▶ _WHAT TO PRODUCE_:
Repeat the entries below word for word, though any picture in them should be dropped.

▶ _SUPPLIED RECORDS_:
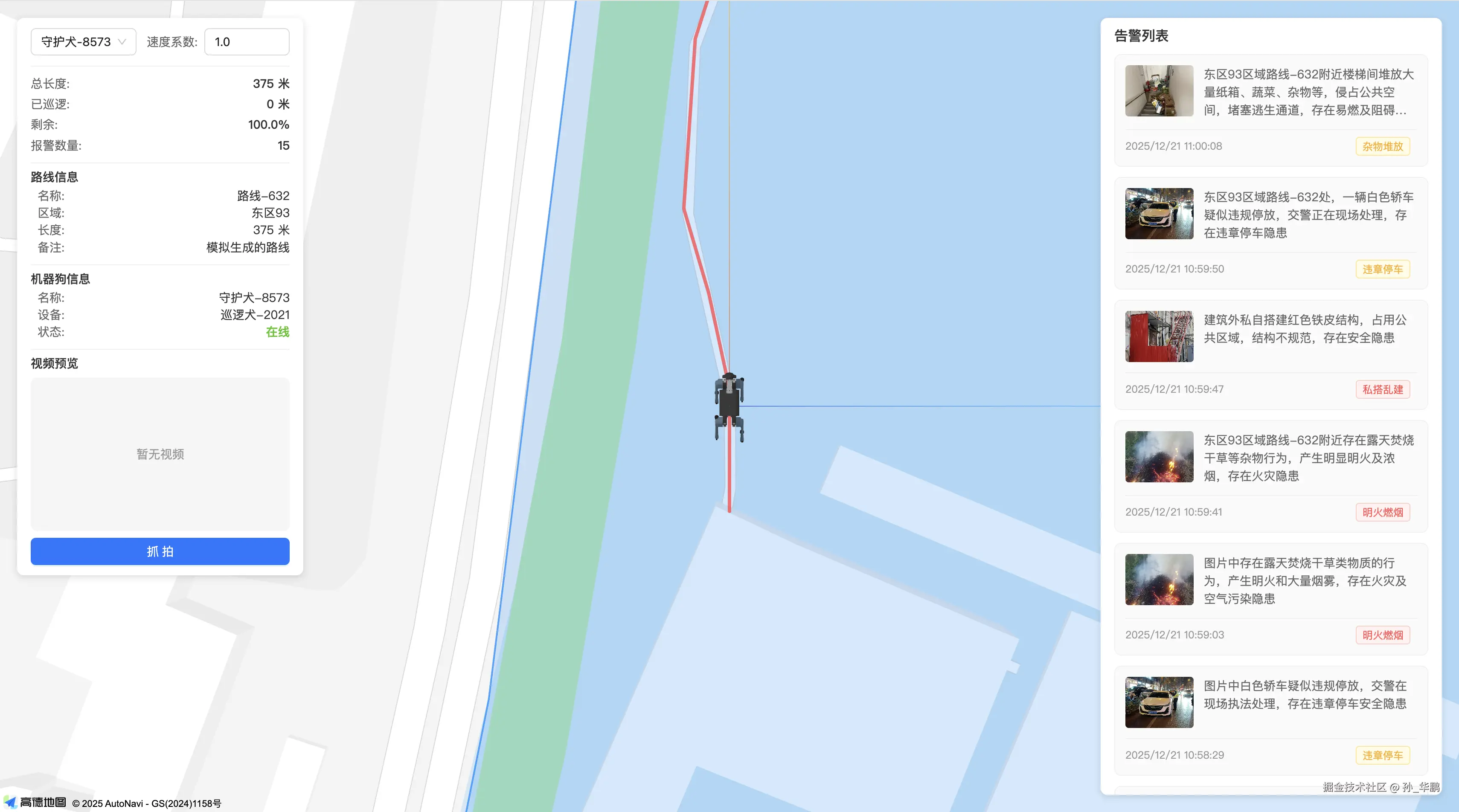 - 实时告警:巡逻过程中的实时检测和告警推送
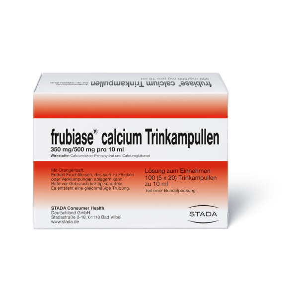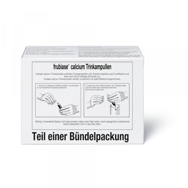 frubiase® calcium Trinkampullen. Anwendungsgebiete: Zur Vorbeugung eines Calciummangels bei erhöhtem Bedarf (z. B. Wachstumsalter, Schwangerschaft und Stillzeit), zur unterstützenden Behandlung der Osteoporose. Enthält Sorbitol.
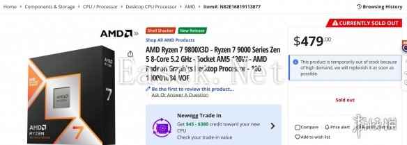 “地表最强CPU”锐龙7 9800X3D已在国外市场全面售罄!
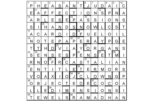 Extra letters in clues form the phrase BITE THE DUST. Thematically created entries at 10, 11, 19, 29 and 34 (in which the types of dust are pother, pollen, stour, bort and ash) are defined by 15, 30, 18, 39 and 9.
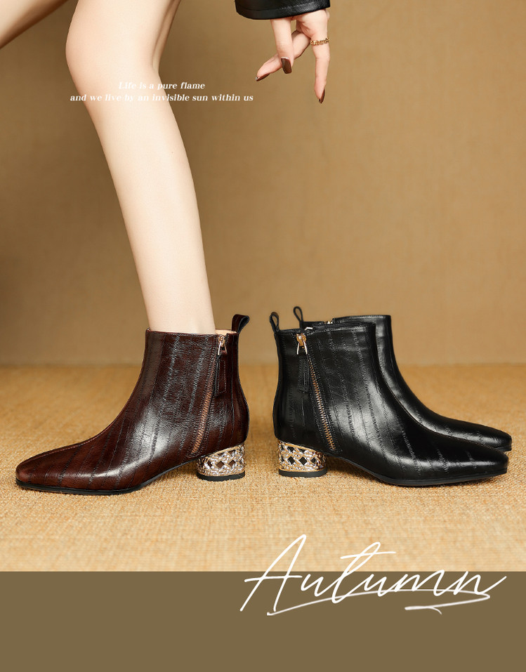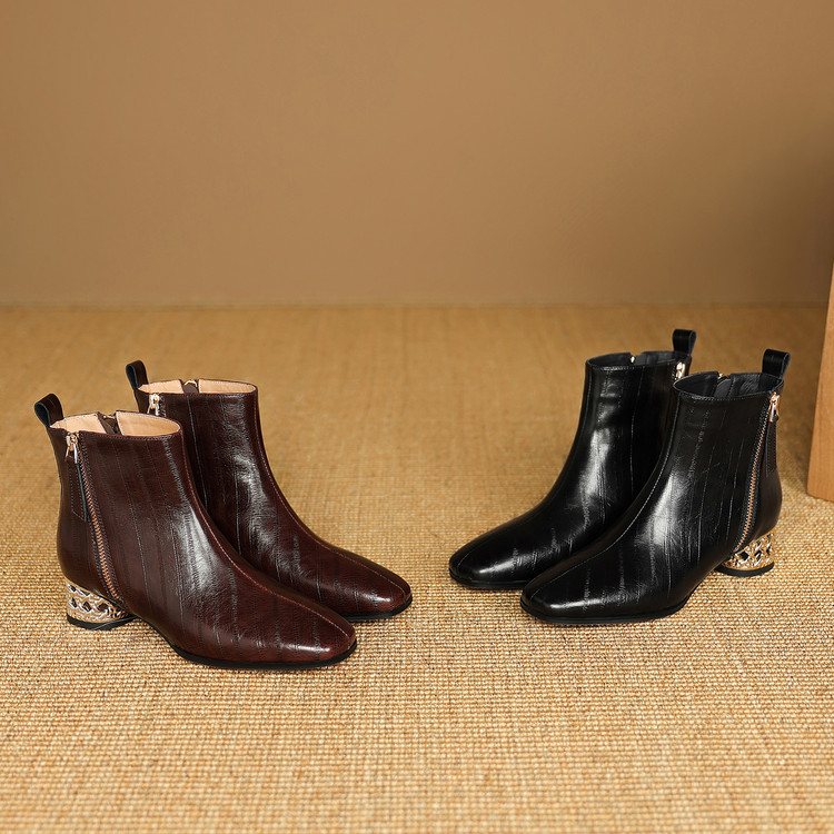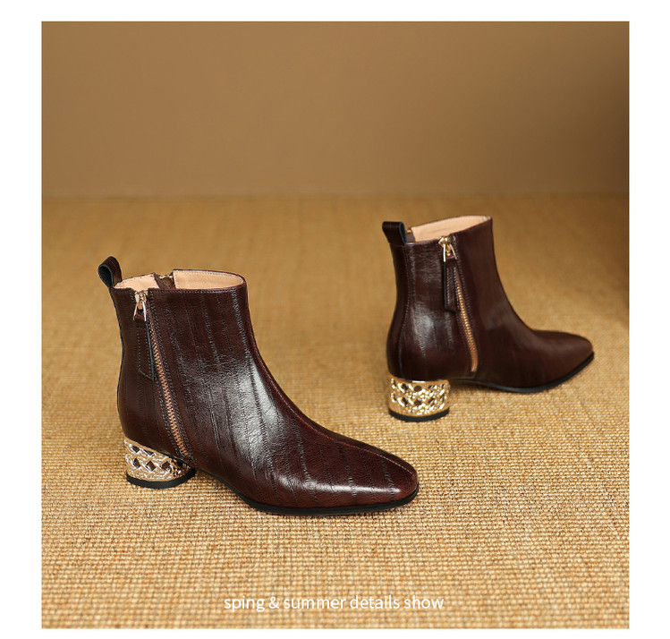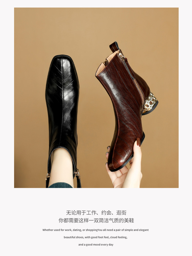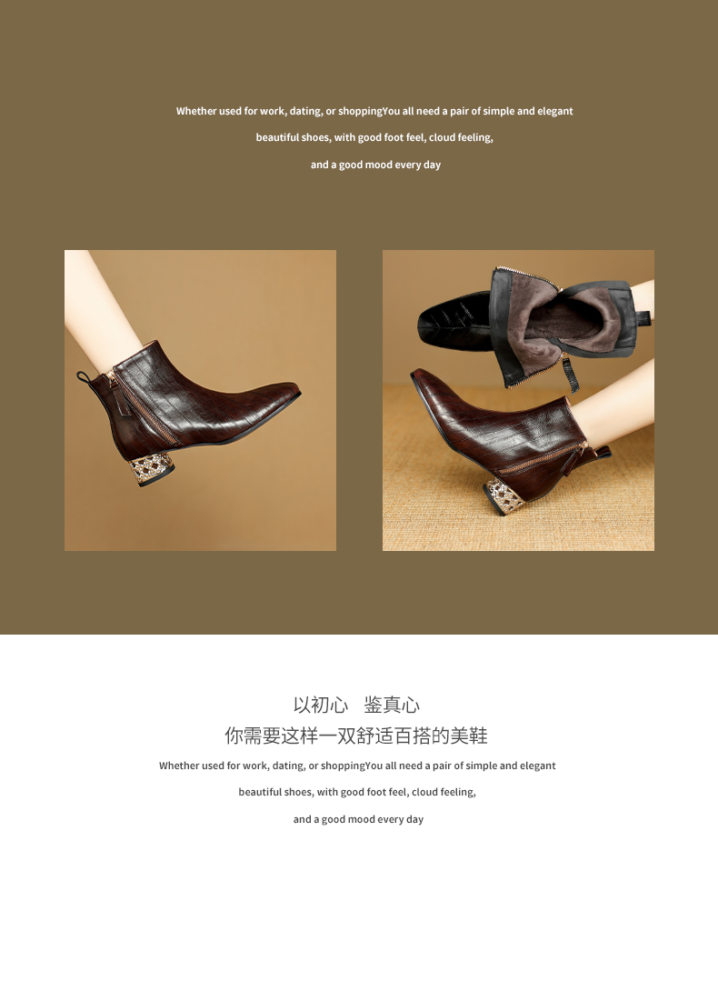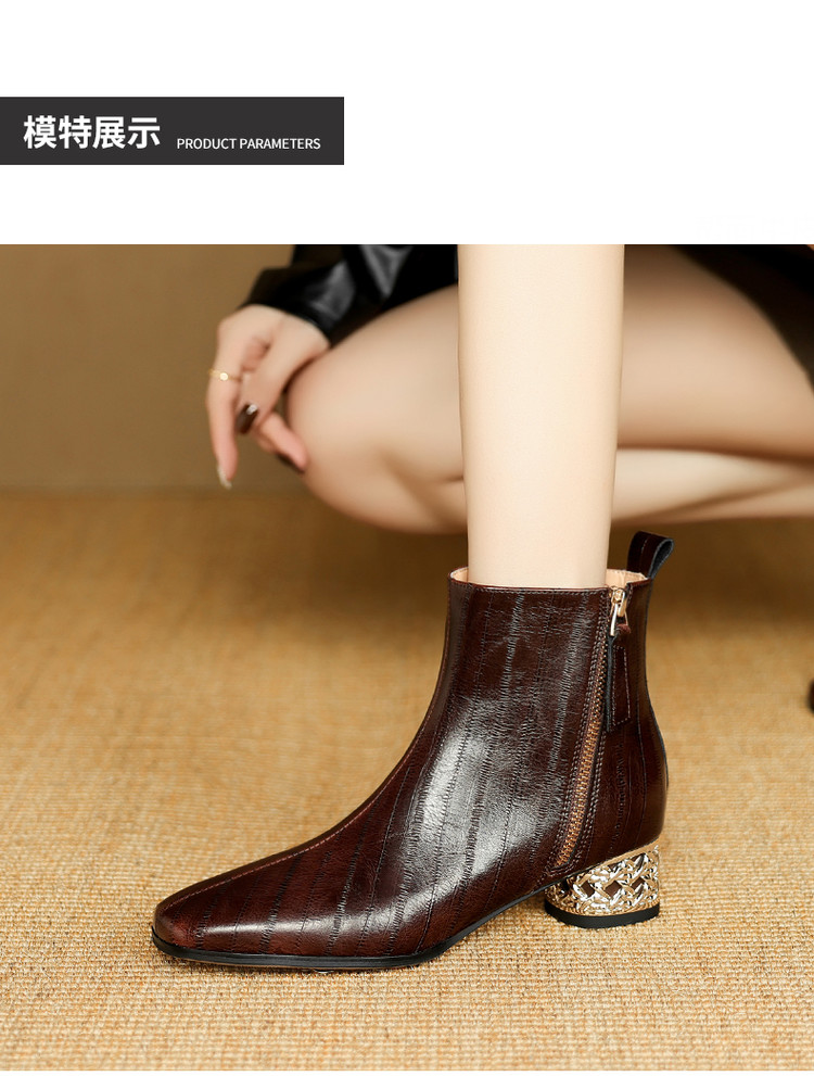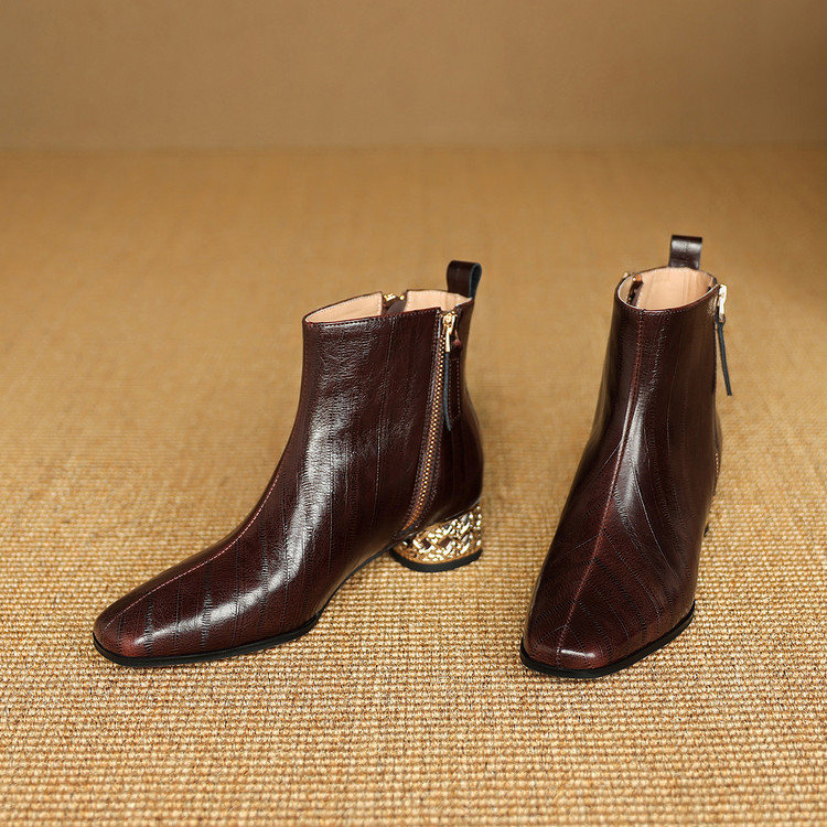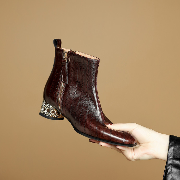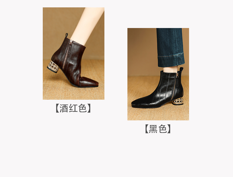 【预售5天】时尚牛皮金属电镀跟短筒时装靴方头侧拉链酒红色加绒中粗跟短靴女NJMK&K1772
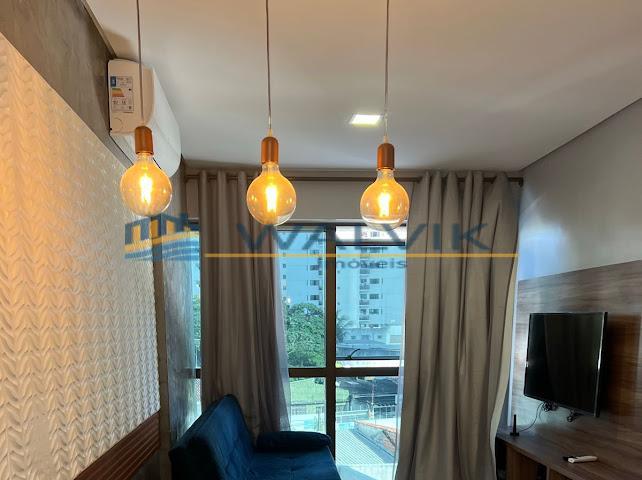 Flat no Edf. Quinta das Orquídeas - Rosarinho, com 33 m², 01 quarto Sala, BWc social, Cozinha, 1 vaga de garagem fixa e descoberta. Ele está Mobiliado com Móveis planejados, Ar-condicionado split na sala e no quarto, Smart TV, Sofá, Mesa jantar e cadeiras, Geladeira, fogão e micro-ondas, Box, ducha, chuveiro elétrico e espelho no banheiro, Cama box, Cortinas e Luminárias.
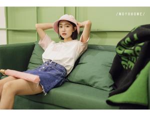 幼い印象のミニスカートもカットオフのデザインで、大人カジュアルな印象に⭐
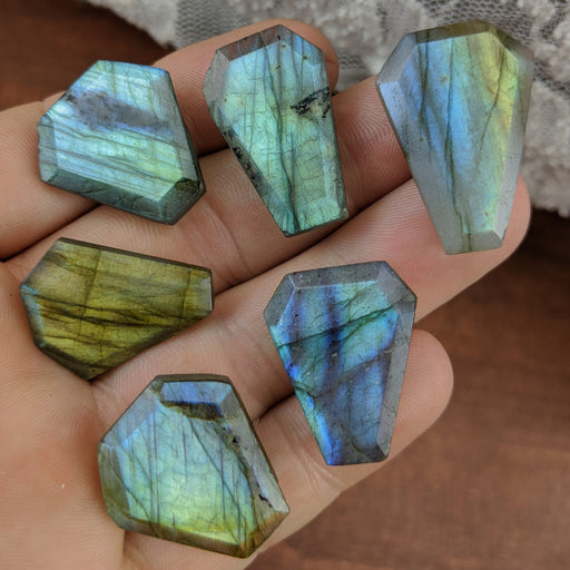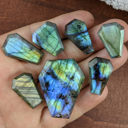 These Labradorite Coffin Cabochons are excellent quality, full of fire and flash! Our Labradorite Coffins are sold as randomly selected single pie...
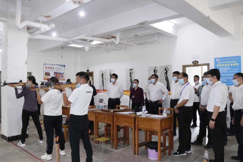 杜建辉一行查看了代表临沧市参加云南省第十二届少数民族传统体育运动会训练基地以及运动员训练情况,听取了代表队的组队、备战、训练、保障等方面情况汇报。
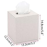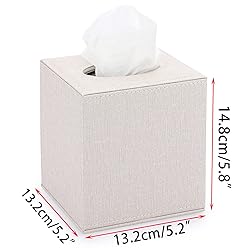 High Quality - The attractive tissue box cover is made of high quality MDF(inside) + Linen (outside) materials; It's sturdy to keep the tissue box from being crushed; The stitching is not only even and neat, but also contrasts nicely with the beige linen material. Functional - The stylish and practical cube tissue box can not only be used everywhere in your home, such as: living room, bathroom, vanity, dresser, night stand, table, countertop; But also suitable for office, car, restaurant, bar, hotel or other places. Stylish Decoration - The simple & classy style square tissue holer is perfect for most home decor, not only match well with your various furniture, but also add more modern touch to your home. Magnetic Bottom - The bottom plate of the tissue box holder is securely closed by a magnetic closure, so you can easily put tissues or tissue box in, and without worrying about the tissues or tissue box will fall through when you pick it up. Suitable Size - Product External Size: 5.2" L X 5.2"W X 5.8"H; It's suitable for a regular or standard cube of Kleexxx brand tissue box, so you don't need to remove the tissues from the original box.
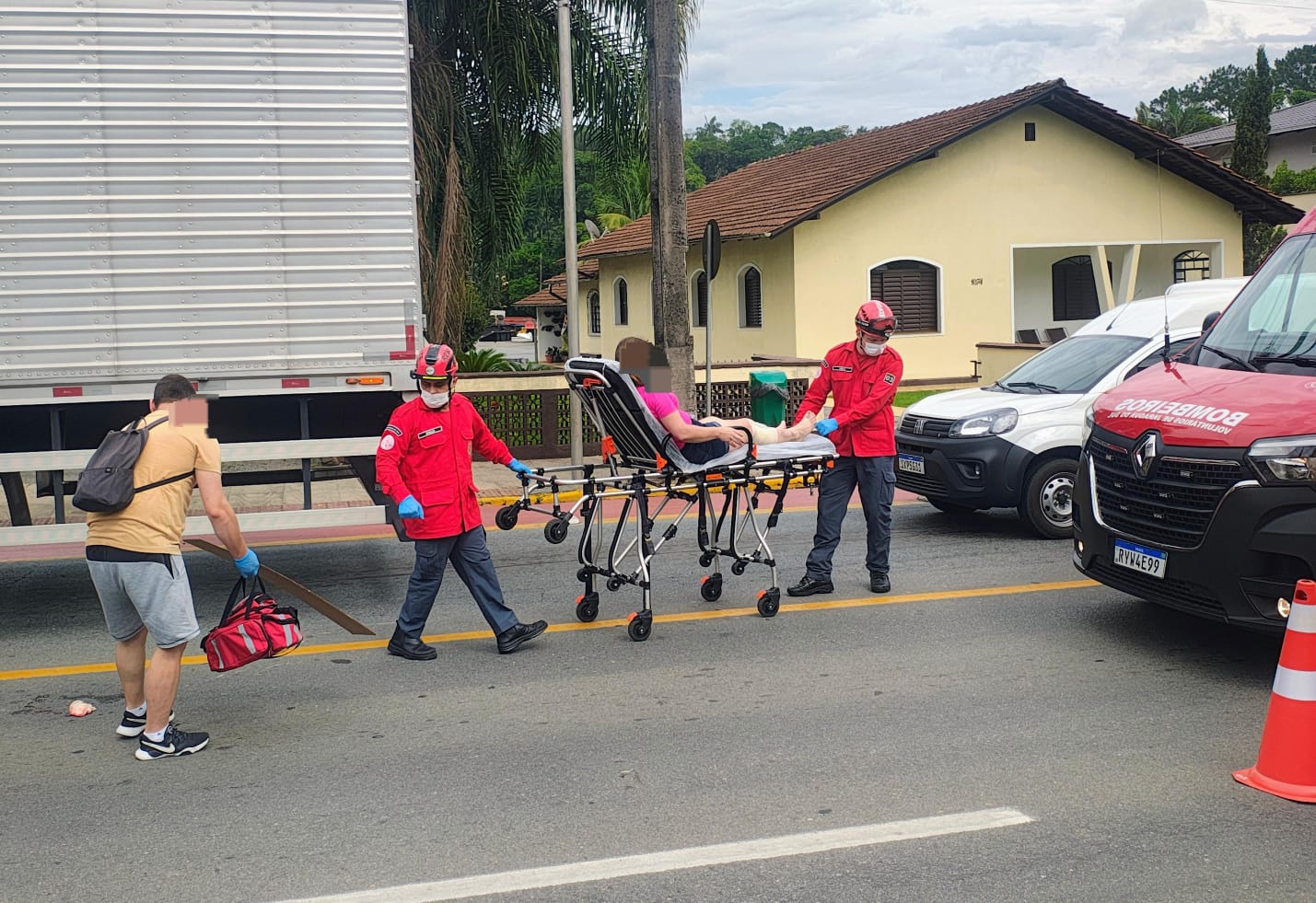 O Corpo de Bombeiros Voluntários de Jaraguá do Sul foi acionado na manhã desta segunda-feira (12) para atender um acidente de trânsito envolvendo um caminhão e uma motocicleta na Rua Walter Marquardt, no bairro Barra do Rio Molha.

▶ _WRITTEN REPLY_:
 - 实时告警:巡逻过程中的实时检测和告警推送
 frubiase® calcium Trinkampullen. Anwendungsgebiete: Zur Vorbeugung eines Calciummangels bei erhöhtem Bedarf (z. B. Wachstumsalter, Schwangerschaft und Stillzeit), zur unterstützenden Behandlung der Osteoporose. Enthält Sorbitol.
 “地表最强CPU”锐龙7 9800X3D已在国外市场全面售罄!
 Extra letters in clues form the phrase BITE THE DUST. Thematically created entries at 10, 11, 19, 29 and 34 (in which the types of dust are pother, pollen, stour, bort and ash) are defined by 15, 30, 18, 39 and 9.
 【预售5天】时尚牛皮金属电镀跟短筒时装靴方头侧拉链酒红色加绒中粗跟短靴女NJMK&K1772
 Flat no Edf. Quinta das Orquídeas - Rosarinho, com 33 m², 01 quarto Sala, BWc social, Cozinha, 1 vaga de garagem fixa e descoberta. Ele está Mobiliado com Móveis planejados, Ar-condicionado split na sala e no quarto, Smart TV, Sofá, Mesa jantar e cadeiras, Geladeira, fogão e micro-ondas, Box, ducha, chuveiro elétrico e espelho no banheiro, Cama box, Cortinas e Luminárias.
 幼い印象のミニスカートもカットオフのデザインで、大人カジュアルな印象に⭐
 These Labradorite Coffin Cabochons are excellent quality, full of fire and flash! Our Labradorite Coffins are sold as randomly selected single pie...
 杜建辉一行查看了代表临沧市参加云南省第十二届少数民族传统体育运动会训练基地以及运动员训练情况,听取了代表队的组队、备战、训练、保障等方面情况汇报。
 High Quality - The attractive tissue box cover is made of high quality MDF(inside) + Linen (outside) materials; It's sturdy to keep the tissue box from being crushed; The stitching is not only even and neat, but also contrasts nicely with the beige linen material. Functional - The stylish and practical cube tissue box can not only be used everywhere in your home, such as: living room, bathroom, vanity, dresser, night stand, table, countertop; But also suitable for office, car, restaurant, bar, hotel or other places. Stylish Decoration - The simple & classy style square tissue holer is perfect for most home decor, not only match well with your various furniture, but also add more modern touch to your home. Magnetic Bottom - The bottom plate of the tissue box holder is securely closed by a magnetic closure, so you can easily put tissues or tissue box in, and without worrying about the tissues or tissue box will fall through when you pick it up. Suitable Size - Product External Size: 5.2" L X 5.2"W X 5.8"H; It's suitable for a regular or standard cube of Kleexxx brand tissue box, so you don't need to remove the tissues from the original box.
 O Corpo de Bombeiros Voluntários de Jaraguá do Sul foi acionado na manhã desta segunda-feira (12) para atender um acidente de trânsito envolvendo um caminhão e uma motocicleta na Rua Walter Marquardt, no bairro Barra do Rio Molha.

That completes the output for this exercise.